Items from a data source:
• • • • • • •
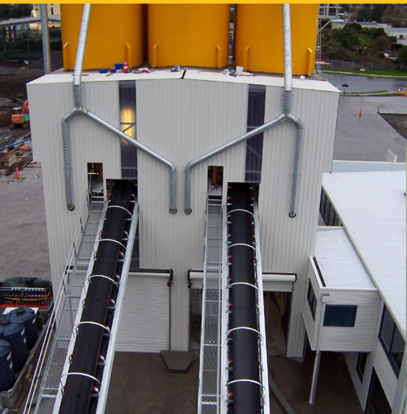
Allied NZ Plant
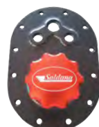
SALDANA Light Weight Top Plate Assembly The new light weight Saldana top plate assembly features a screw on cap with a built in rollover / vent valve and one -BAN and two -6AN ORB return ports to accommodate for simple plumbing. SAL-SAC-061
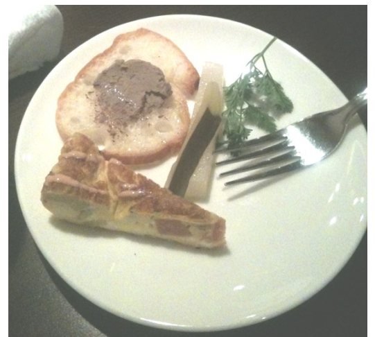
Ham and Potato Frittata, Pickled Vegetables, and Pate on Toast.
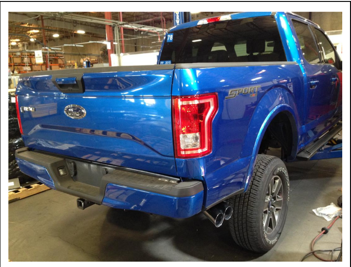
Step 5. Once a final position has been chosen for the new exhaust system, evenly tighten all clamps from front to rear using the torque specifications on page one of the instructions. Inspect all fasteners after 25-50 miles of operation and re-tighten if necessary.
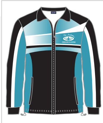
STYLE CODE 1005
• • • • • • •
Work required: Word for word, restate the lines above from the one with "SALDANA Light Weight" through the one with "Ham and Potato", keeping both ends and dropping the pictures.

Solution to the problem:
SALDANA Light Weight Top Plate Assembly The new light weight Saldana top plate assembly features a screw on cap with a built in rollover / vent valve and one -BAN and two -6AN ORB return ports to accommodate for simple plumbing. SAL-SAC-061
Ham and Potato Frittata, Pickled Vegetables, and Pate on Toast.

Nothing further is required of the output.